» SOURCE DATA
--- --- ---

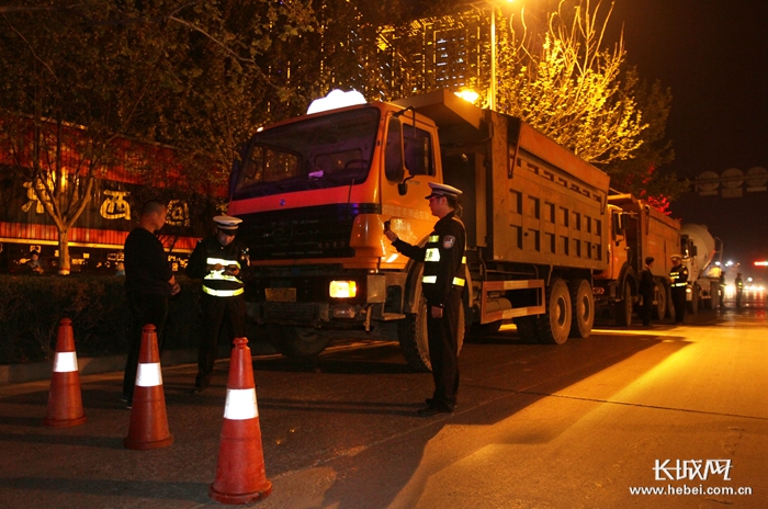 交警上路检查货车闯禁行的违法行为。资料图
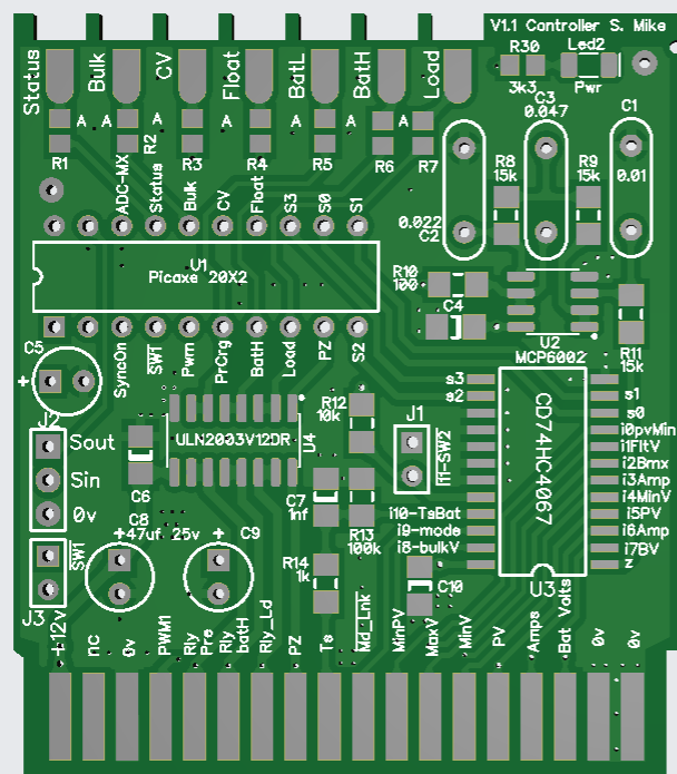 CPU is a Picaxe 20X2 on a small 4 layer pcb that plugs into an edge card socket, the other edge card socket has the setting up pots on a small pcb, when unplugged their values are stored in the cpu's eeprom memory.
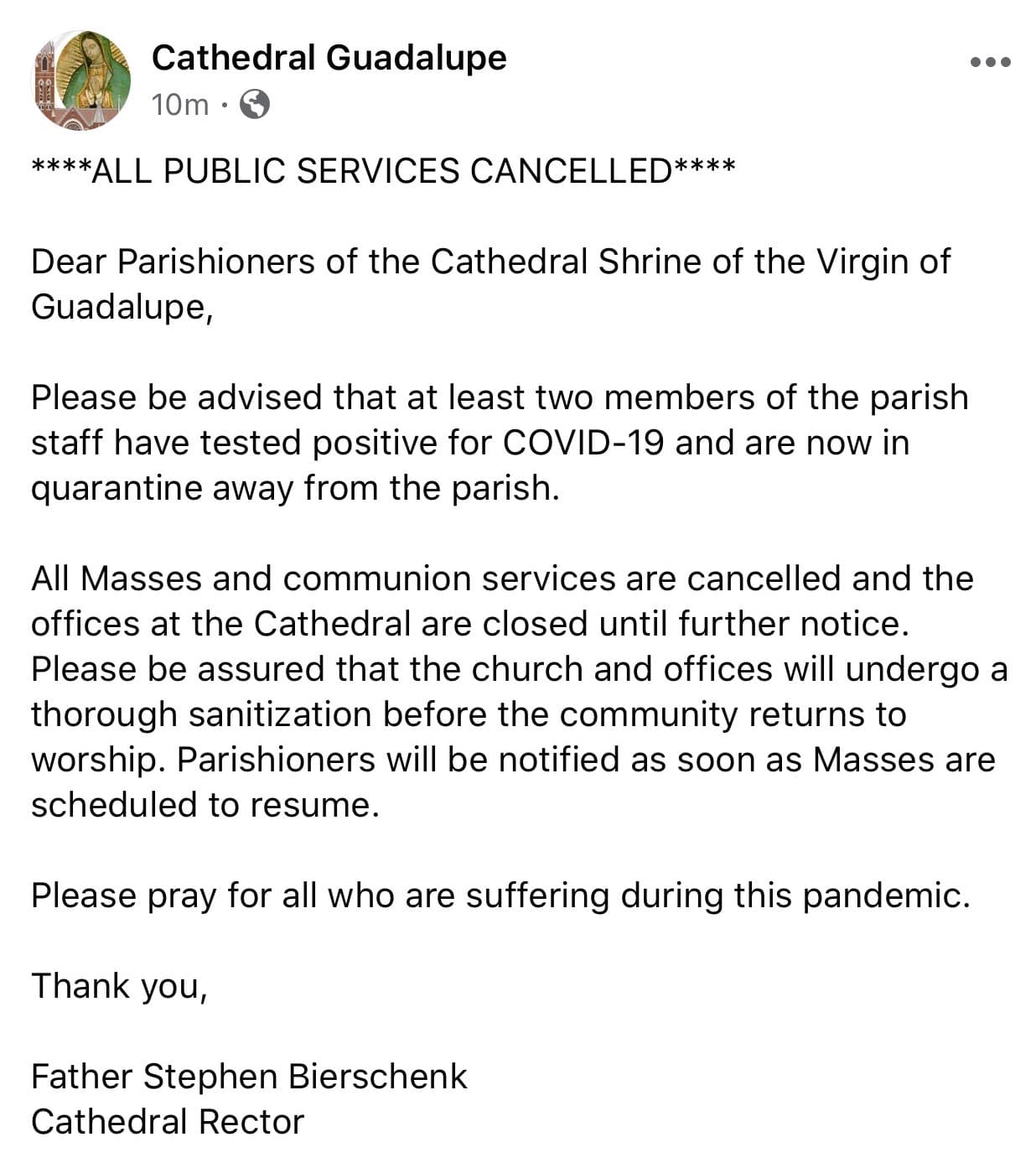 Todas las misas y servicios de comunión fueron cancelados. Las oficinas de la parroquia están cerradas hasta nuevo aviso. Además anunciaron que toda la iglesia y sus oficinas serán desinfectadas antes de que reabran sus puertas a la comunidad.
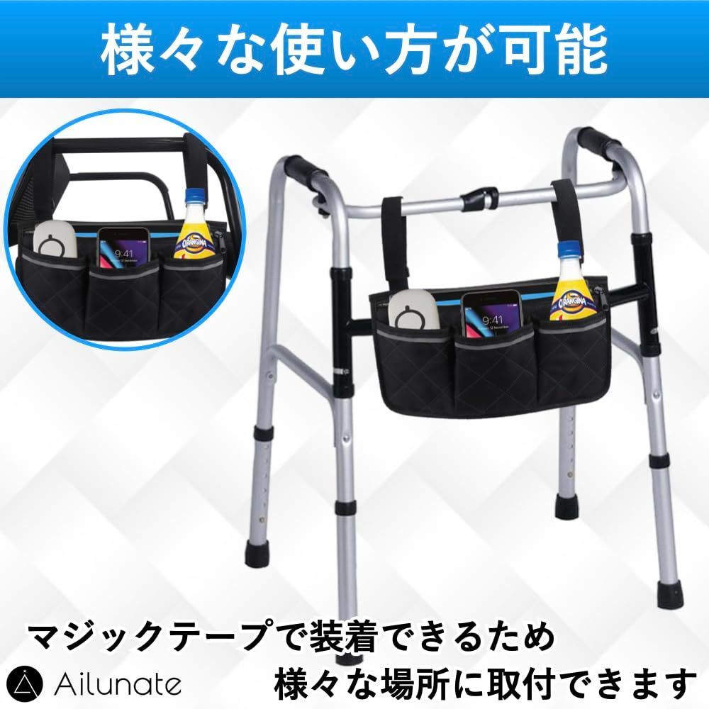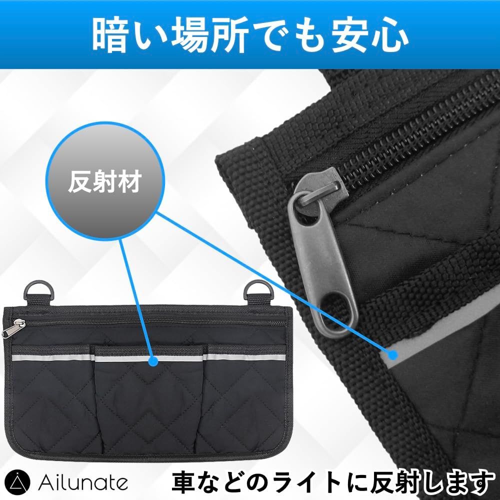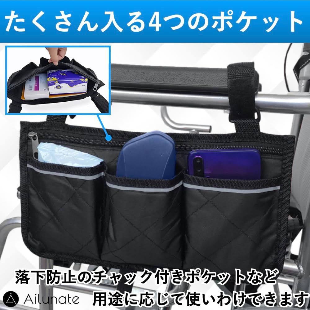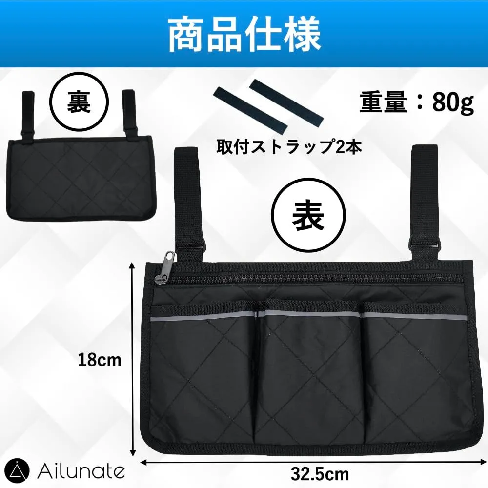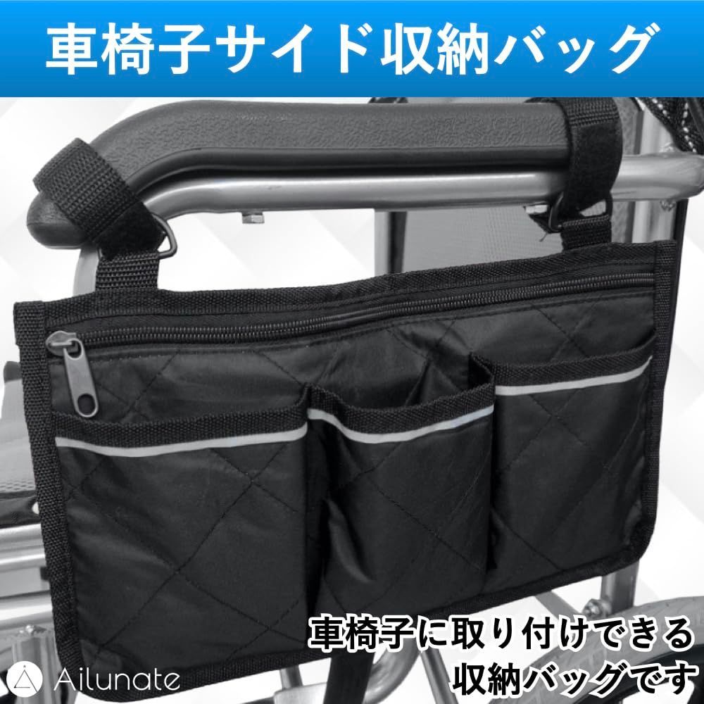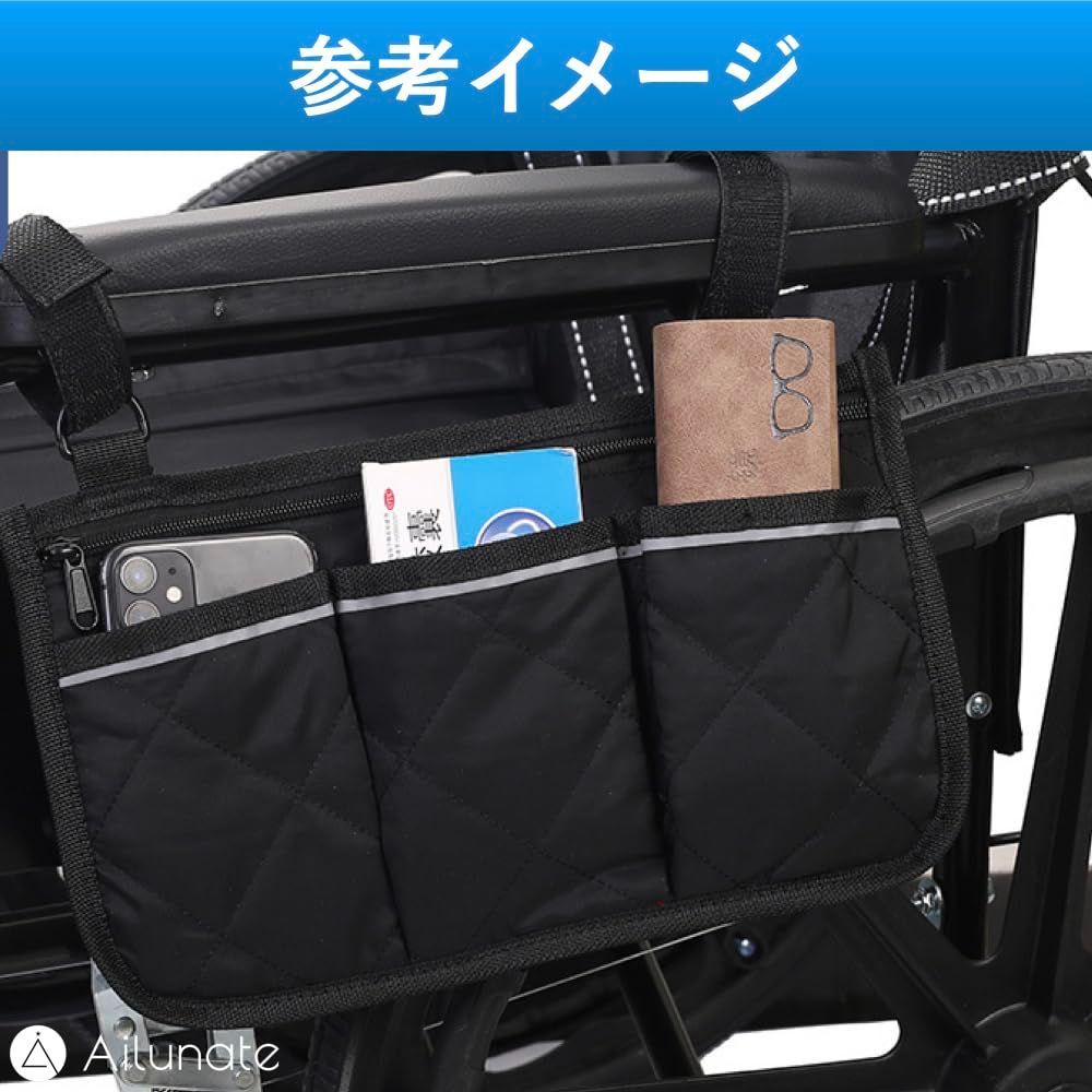 Ailunate 車椅子 サイド 収納袋 バッグ ポケット ポーチ ホルダー 車いす かばん カバー 車イス 小物入れ スマホ ブラック アームレスト

--- --- ---

» TASK OBJECTIVE
Copy all of the material word for word, and include none of its pictures.

» FINISHED EXERCISE
 交警上路检查货车闯禁行的违法行为。资料图
 CPU is a Picaxe 20X2 on a small 4 layer pcb that plugs into an edge card socket, the other edge card socket has the setting up pots on a small pcb, when unplugged their values are stored in the cpu's eeprom memory.
 Todas las misas y servicios de comunión fueron cancelados. Las oficinas de la parroquia están cerradas hasta nuevo aviso. Además anunciaron que toda la iglesia y sus oficinas serán desinfectadas antes de que reabran sus puertas a la comunidad.
 Ailunate 車椅子 サイド 収納袋 バッグ ポケット ポーチ ホルダー 車いす かばん カバー 車イス 小物入れ スマホ ブラック アームレスト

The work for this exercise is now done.